1. Application of enzymes in pulping process
Biopulping refers to the pretreatment of lignocellulosic fibers by enzyme-producing microorganisms or enzyme preparations, destroying the structure of lignin or hemicellulose, promoting the rate of shedding during mechanical or chemical pulping, and facilitating the separation of cellulose. At the same time, it can reduce the consumption of energy and chemicals, shorten the pulping time and improve the quality of pulping. White rot fungus is rich in laccase and can effectively decompose lignin in wood fiber.
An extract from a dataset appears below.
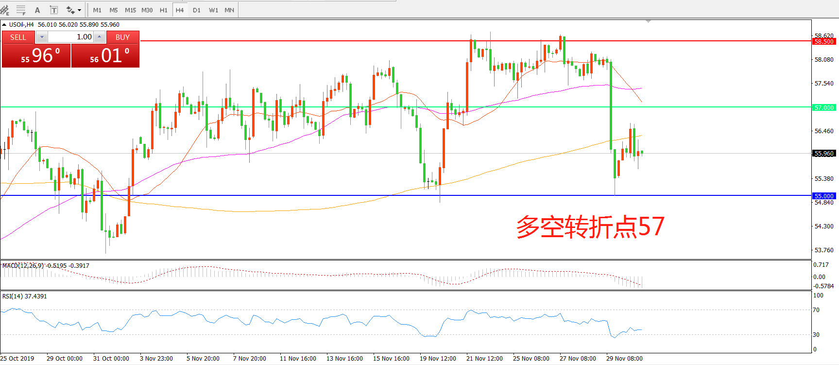 4小时图看,油价触碰55美金一线后小幅反弹,但整体仍在200周期均线之下,MACD绿柱增加,RSI指标向下,日内下行概率较大。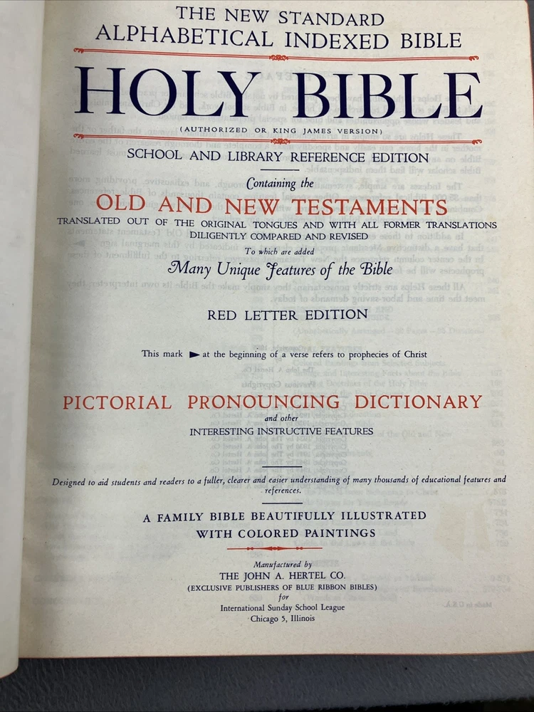 Holy Bible 1951 Blue Ribbon New Standard Reference Bible Red Letter Hertel GOOD CONDITION -- CLEAN COPY/NO MARKINGS ON THE INSIDE (see pics) *Item will be protected well for shipping and comes with a tracking number for confirmation.* I ship out items every day so expect a quick delivery!

More importantly, white rot fungi, as a filamentous fungus of the Basidiomycetes, can release extracellular enzymes and promote the decomposition of lignin in the pretreatment of raw materials such as wood. White rot fungi have been widely used in the study of biopulping.
2. Application of enzymes in bleaching
Xylanase and laccase are the main enzymes used in the paper industry for biobleaching. In lignocellulosics, lignin is present in combination with xylanase in the form of entangled cellulose. The xylanase and laccase plus bleaching help to improve the dissolution of lignin and reduce the use of laccase and media.
3. Application of enzyme in resin control
The enzyme preparation mainly achieves the purpose of removing the fat-soluble extract of the pulp by acting on the pulp. The use of enzyme preparations for resin control has the characteristics of short acting time and good specificity. Commercially available lipases have been successfully applied to the hydrolysis of cork three vinegar in softwood mechanical pulp.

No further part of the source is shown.